Oil & Sugar


I want to develop i great crust for delivery purpouses,
Target crust would have to be light & airy.
should i use oil & sugar in the mix, if so what levels would you guys recommend.
Are any pizza operators using sugar in thier mix.
Any help would be appreciated.

For a delivered pizza, I would recommend going with 3% oil in the dough formula, but more importantly, use a flour with something close to 12% protein content. The oil will provide mouthfeel and flavor, while the lower than normal protein content of the flour will help to control excessive toughness that has a habit of forming during the delivery time (pizza stuffed into a box or bag, then into an insulated bag, and into a transport vehicle, and then 20 to 30-minutes later, if you’re lucky, here’s your fresh, hot pizza!) Typically, what the customer gets is a warm, soggy, tough/chewy pizza. In my opinion, air impingement ovens are better than deck ovens for a delivery operation as the high air flow does a better job of removing excess water from the top of the pizza, which in turn, helps to control some of the sogginess.
Tom Lehmann/The Dough Doctor

insightful as always tom, thank you.
see you at the expo

What would you recommend the water % to be for that "light & airy ".
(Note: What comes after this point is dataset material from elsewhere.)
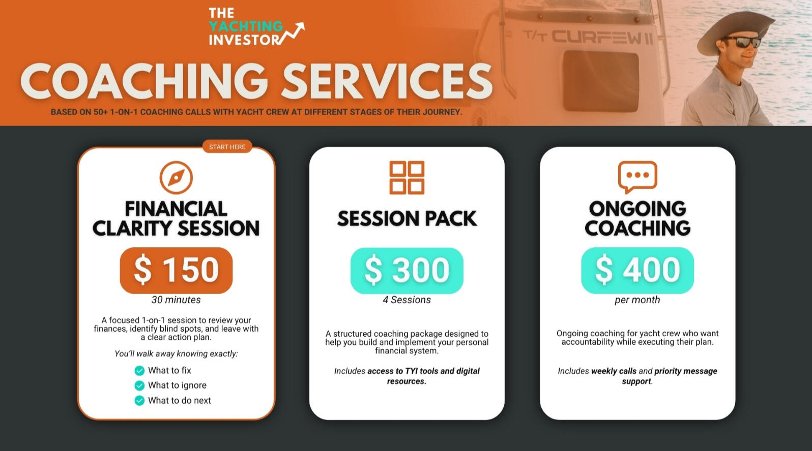 I help yacht crew replicate the exact system I used to build a serious financial launchpad.Since then, I’ve worked 1-on-1 with 50+ yacht crew members to help them build and implement their own financial systems.

Most of our business has shifted to delivery.

Thanks Tom.

We always say to maximixe the dough absorption to get the best volume/height as well as the most open, porous (airy) internal structure possible. The amount of water/absorption njeeded to accomplish this will vary with the absorption properties of your individual flour. The best direction that I can give you is to say that you should add the maximum amount of water that will give you a soft, pliable dough, but yet not be so sticky so as t make handling difficult. With most U.S. flours, that means using something close to 56 to 58% absorption based on the total flour weight.
Tom Lehmann/The Dough Doctor

as I hijack the thread just a bit…

I’ve been considering ‘playing’ with substituting some/all of the oil with all lard or lard & pure olive oil…not a blend…

We use no sugar in or dough & use old MM 360’s & have a great product…
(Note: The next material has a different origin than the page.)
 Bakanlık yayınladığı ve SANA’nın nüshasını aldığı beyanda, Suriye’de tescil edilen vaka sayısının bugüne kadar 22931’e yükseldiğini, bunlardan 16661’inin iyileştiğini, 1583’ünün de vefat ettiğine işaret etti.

In the past I’ve used several brands/blends, but don’t think I can really tell the difference…

Some research shows that lard was used for a ‘Roman’ style of pizza…

Plus, all the hype with sea salt etc, I was just wondering your general opinion of lard & sea salt…

I can’t say that sae salt makes a ehole lot of a difference, but the lard really does, or to put it better, at one time it really did. The domestic lard that we have today is so bland that there is little if any flavor profile, but the old fashion lard of 40-years ago, or that which is still in common use in Mexico lends a fabulous flavor to the pizza crust. Don’t blend it with the olive oil as that serves to detract from both. Ditto for tortillas made with lard.
Tom Lehmann/The Dough Doctor

If I were to search for a lard…what would I look for? Can’t say I’ve tasted true lard recently…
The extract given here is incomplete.